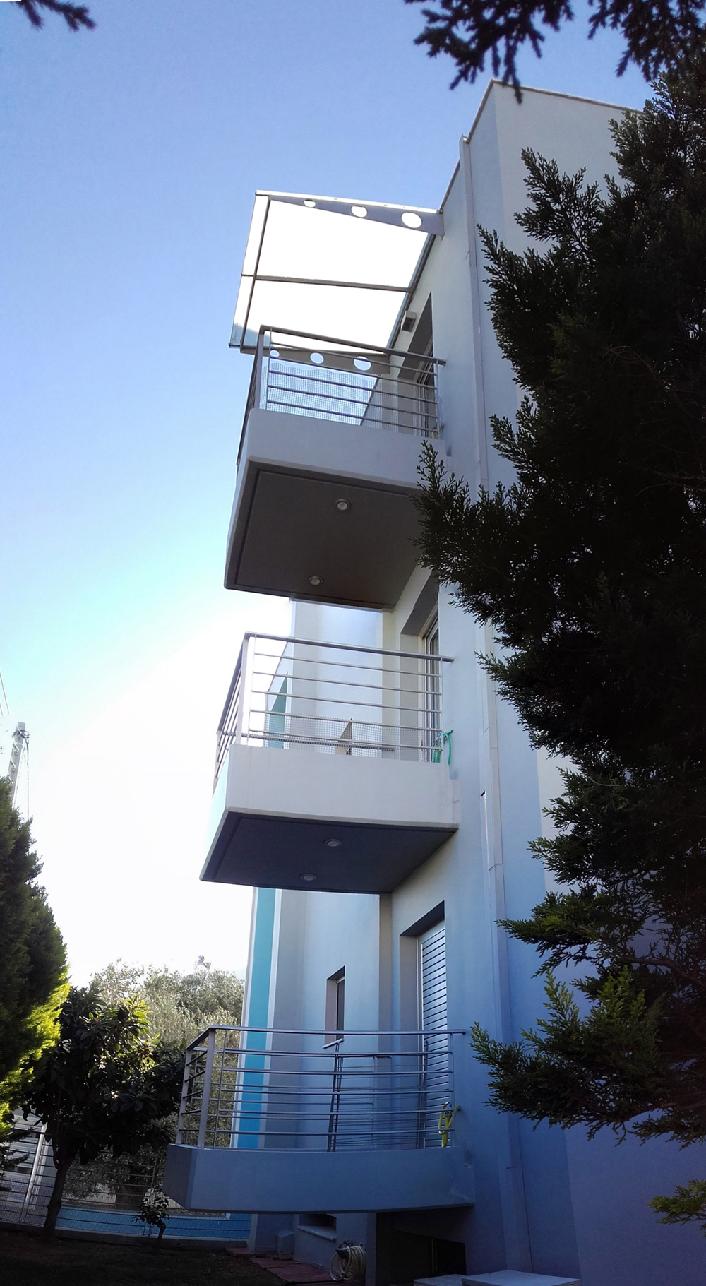 The structure is reinforced concrete the most frequent method of construction in Greece. The opaque elements of walls are built with hollow ceramic blocks and insulation, and the openings are double glazing with aluminum frames and shutters.
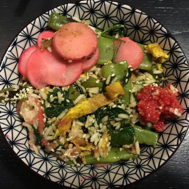 Spread rice, vegetables and egg in a nice bowl. Finish with some nori, sesame seeds, fish eggs, soy sauce and chopped parsley or coriander.
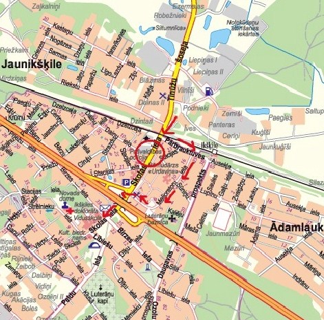 ♦ 1.darba zona – ielas rekonstrukcijas darbus plānots veikt no 1.04. līdz 30.05. Ceļa posms no dzelzceļa pārbrauktuves līdz Dainu ielas krustojumam. (1.att.) Paralēli darbiem galvenajā zonā tiks veikta Skolas ielas rekonstrukcija posmā Rīgas – Daugavpils šosejas nobrauktuve līdz Birzes ielas krustojumam (2.att.), kā arīSkolas ielas posms pie Pārbrauktuves ielas krustojuma (līdz dzelzceļam- 3.att.)
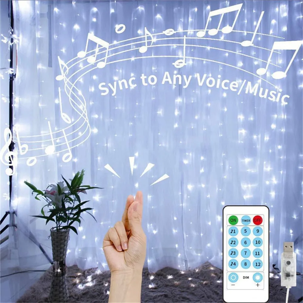 DnidbZapDcЗдесь вы сможете купить USB 8Modes Music Sound Activated Curtain String Lights 3MX3M With Hook Up Remote Control for Christmas Bedroom Window Lighting с бесплатной доставкой до вашего почтового отделения.
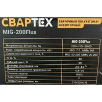 это аппарат инверторного типа, рассчитанный на интенсивную ежедневную работу на высоком токе. Подходит, как для бытового, так и для полупрофессионального использования. Сварочный инверторный полуавтомат без газа предназначен для сварки электродами (МИГ сварка), а также сварки с применением сварочной проволоки с флюсом (порошковой проволоки, катушкой до 1кг). Дополнительными функциями сварочного полуавтомата являются: антизалипание электрода, форсаж дуги, горячий старт, защита от перегрева. Энергосберегающий сварочный аппарат оснащен IGBT транзисторами, прост в использовании и имеет LCD дисплей, что позволяет более тонко настраивать и контролировать работу. Характеристики модели MIG-200 FLUX: Режимы работы: MMA/FLUX; Напряжение/Частота: 220 В / 50 Гц; Номинальная мощность: 4.5 кВт; Максимальная мощность (ММА): 6,3 кВт; Максимальная мощность (FLUX): 5.6 кВт; Диапазон регулирования тока ММA/FLUX: 40-200А; Диапазон регулирования напряжения (FLUX): -2 В +2 В; Скорость подачи проволоки: 3-16 м/мин; ПВ фактор: 60%; Тип охлаждения: вентилятор; Диаметр электродов (мм): 1.6-4.0; Диаметр сварочной проволоки: 0,8-1,0 мм; Силовой кабель 1,7 м.
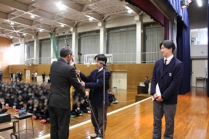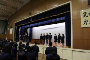 柔道部、バスケットボール部、放送部、生活デザイン科の表彰が行われ、色々な方面で頑張ったうれしい報告がありました。

•••

Task description » The entries above are to be restated verbatim, with no pictures carried over.

Answer space »
 The structure is reinforced concrete the most frequent method of construction in Greece. The opaque elements of walls are built with hollow ceramic blocks and insulation, and the openings are double glazing with aluminum frames and shutters.
 Spread rice, vegetables and egg in a nice bowl. Finish with some nori, sesame seeds, fish eggs, soy sauce and chopped parsley or coriander.
 ♦ 1.darba zona – ielas rekonstrukcijas darbus plānots veikt no 1.04. līdz 30.05. Ceļa posms no dzelzceļa pārbrauktuves līdz Dainu ielas krustojumam. (1.att.) Paralēli darbiem galvenajā zonā tiks veikta Skolas ielas rekonstrukcija posmā Rīgas – Daugavpils šosejas nobrauktuve līdz Birzes ielas krustojumam (2.att.), kā arīSkolas ielas posms pie Pārbrauktuves ielas krustojuma (līdz dzelzceļam- 3.att.)
 DnidbZapDcЗдесь вы сможете купить USB 8Modes Music Sound Activated Curtain String Lights 3MX3M With Hook Up Remote Control for Christmas Bedroom Window Lighting с бесплатной доставкой до вашего почтового отделения.
 это аппарат инверторного типа, рассчитанный на интенсивную ежедневную работу на высоком токе. Подходит, как для бытового, так и для полупрофессионального использования. Сварочный инверторный полуавтомат без газа предназначен для сварки электродами (МИГ сварка), а также сварки с применением сварочной проволоки с флюсом (порошковой проволоки, катушкой до 1кг). Дополнительными функциями сварочного полуавтомата являются: антизалипание электрода, форсаж дуги, горячий старт, защита от перегрева. Энергосберегающий сварочный аппарат оснащен IGBT транзисторами, прост в использовании и имеет LCD дисплей, что позволяет более тонко настраивать и контролировать работу. Характеристики модели MIG-200 FLUX: Режимы работы: MMA/FLUX; Напряжение/Частота: 220 В / 50 Гц; Номинальная мощность: 4.5 кВт; Максимальная мощность (ММА): 6,3 кВт; Максимальная мощность (FLUX): 5.6 кВт; Диапазон регулирования тока ММA/FLUX: 40-200А; Диапазон регулирования напряжения (FLUX): -2 В +2 В; Скорость подачи проволоки: 3-16 м/мин; ПВ фактор: 60%; Тип охлаждения: вентилятор; Диаметр электродов (мм): 1.6-4.0; Диаметр сварочной проволоки: 0,8-1,0 мм; Силовой кабель 1,7 м.
 柔道部、バスケットボール部、放送部、生活デザイン科の表彰が行われ、色々な方面で頑張ったうれしい報告がありました。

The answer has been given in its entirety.